Comecei a caminhar apressado de volta pra casa e no caminho fui me tranqüilizando aos poucos, com certeza ela já estaria lá ou minha tia já teria a encontrado de carro. Voltei e vi a vizinha na calçada em frente ao portão com minha irmã nos braços, minha mãe estava com minha tia fazendo a busca no carro e tinha pedido que ela cuidasse do bebê. Nada da minha vó ainda. Aproximei-me e a vizinha veio:

- Graças a Deus! Toma aqui sua irmãzinha que sua mãe vai encontrar Dona Nevinha com sua tia.
- Ela não apareceu ainda?
- Ainda não, pega aqui o bebê...
- Não! Vou ajudar a procurar!
- Ajudar? Não menino sua mãe mandou você ficar em casa esperando.

Deixei ela falando sozinha e corri até o final da rua novamente. Nem sabia mais onde procurar e não teria coragem de ir muito longe naquelas ruas escuras e vazias, mas além da preocupação com minha vó, tinha o medo da minha mãe e da minha tia, da tia principalmente. Se elas voltassem com aquele carro vazio, nem queria pensar...
Continuei andando de rua em rua procurando alguém que pudesse me ajudar. Ninguém. Já eram umas sete e meia da noite, ouvi uma risada familiar.
Corri de portão em portão para saber de onde vinha a voz. Não consigo descrever o tamanho do meu alívio ao ver aquelas duas senhoras sentadas no terraço conversando. Uma delas era minha vó.
- Vó!
- Oi, meu fi. Entre aqui chegue.

Dei-lhe um abraço apertado e contive as lágrimas, ela não sabia de nada e não precisava saber. As duas já foram logo arrumando uma cadeira para mim e me obrigando a comer uma infinidade de biscoitos, escapei do de boldo e fiquei só no leite quente. Não faria sentido apressá-la agora, relaxei na cadeira com meu leite, afinal mesmo a tendo encontrado, em casa não seria fácil.
Despedimos-nos e fomos embora. Estávamos a três ruas de casa e minha vó tinha passado metade da tarde e o começo da noite ali.
Dobramos a rua de casa, o carro da minha tia estava parado na frente da casa e as duas, minha tia e minha mãe, vieram correndo nos encontrar. Deixei-as com minha vó ainda na rua e apressei o passo pra casa, mais precisamente pra dentro do meu quarto embaixo da coberta. No portão ainda ouvi a vizinha chata dizer:

- Pelo menos fez alguma coisa que preste né cabeção?

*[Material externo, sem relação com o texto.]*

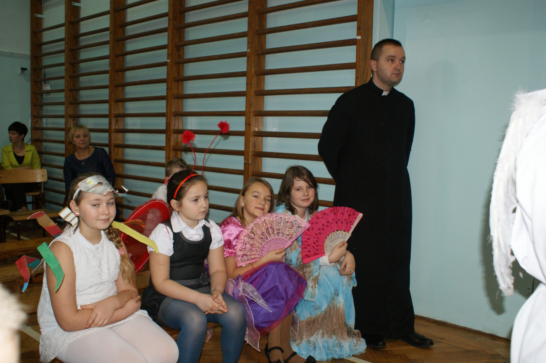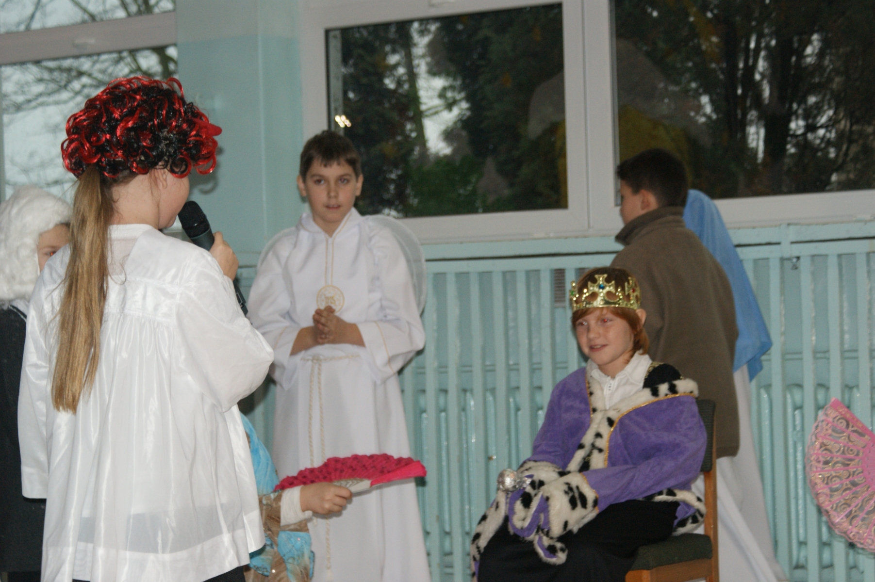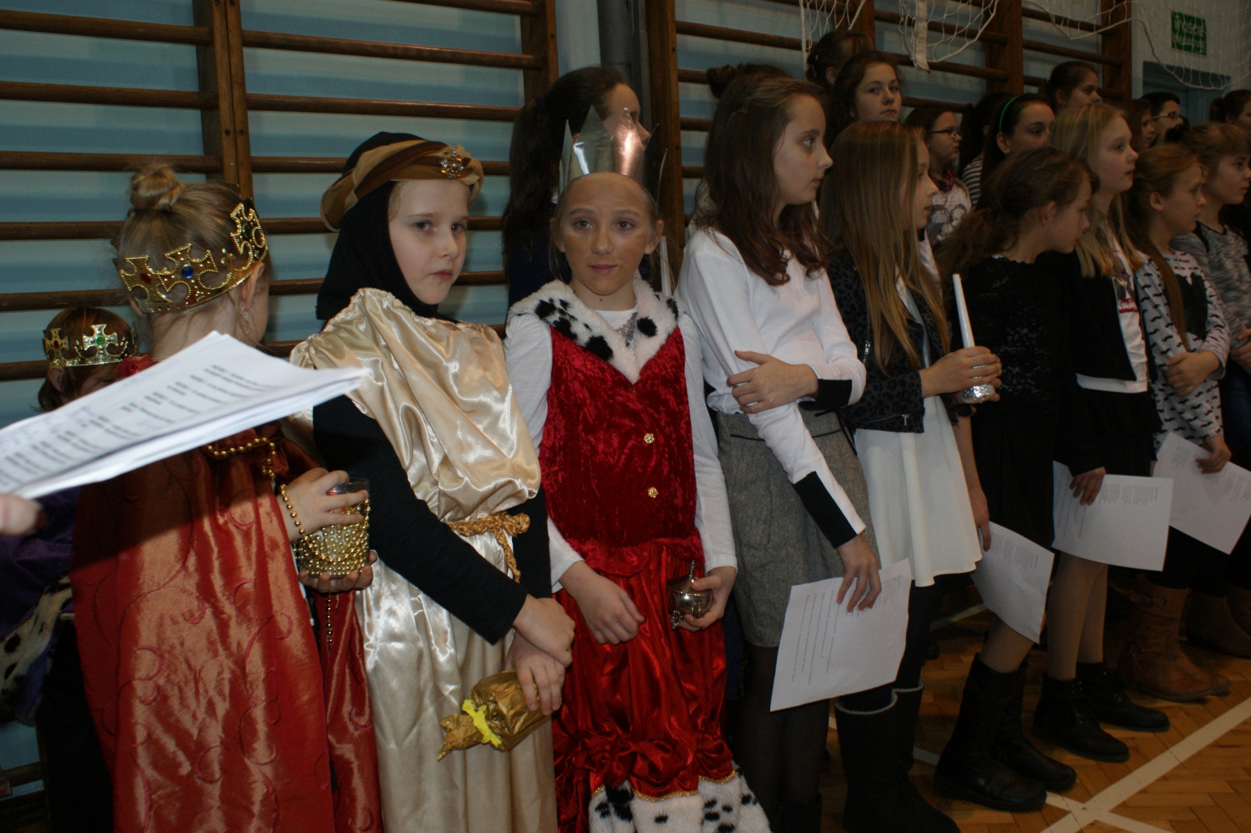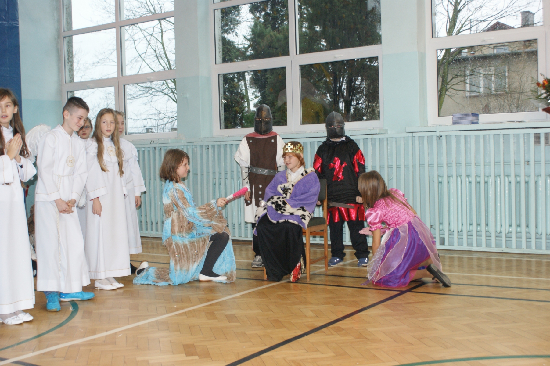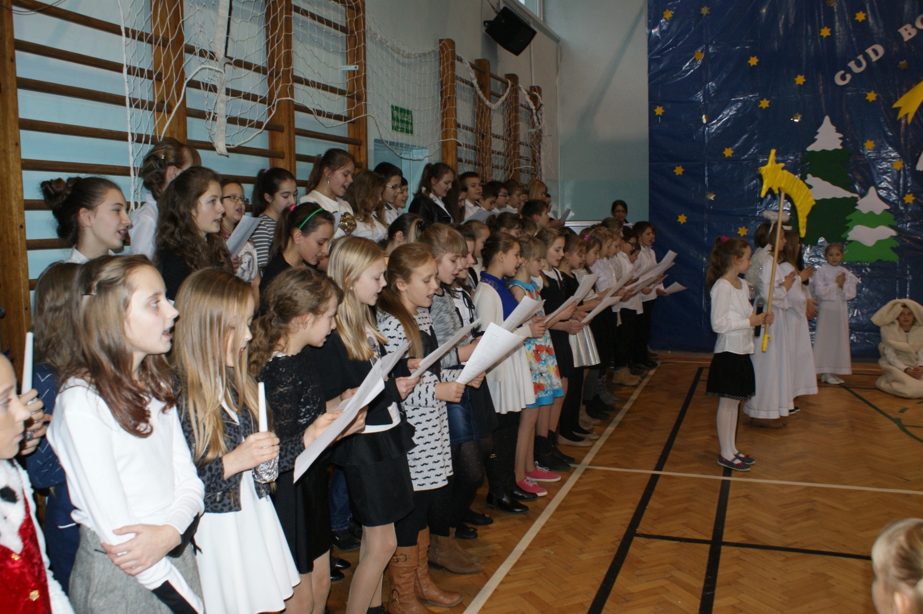 Jasełka przygotowali: ks. Tomasz Smoliński i p. katechetka Małgorzata Przybylak. Przedstawienie przeplatane było pięknymi kolędami w wykonaniu uczniów klas IV – VI pod kierunkiem p. Katarzyny Tomczyk. Na świąteczny nastrój wpływ miała dekoracja wykonana przez p. Emilkę Stefaniak.

Tomei umas palmadas, fiquei uma semana de castigo e aprendi uma lição. Duas ou três semanas depois, minha avó por parte de pai havia conseguido me matricular em uma escola perto da casa do meu pai, com quem tive de ir morar por causa da escola.
Um ou dois meses depois minha avó, a Nevinha, a perdida, morreu. Por causa dessas brigas bobas e sem razão, coisas de família, só fui avisado uma semana depois, não pude ir ao velório nem ao enterro. Essa é a última lembrança que eu guardo daquela senhorinha meiga e simpática que as vezes nem sabia quem eu era.

2 comentários:

Monstrinha disse...

Poxa... uma estória com final feliz e triste ao mesmo tempo!
Aluma coisa no jeito simples e "caseiro" como você escreveu esse conto me fez lembrar da Clarissa, do Erico Veríssimo.

Uma ótima forma de começar meu dia!

Vampira Dea disse...

Histórias com vó sempre me emocionam e essa particulamente é muito bonita.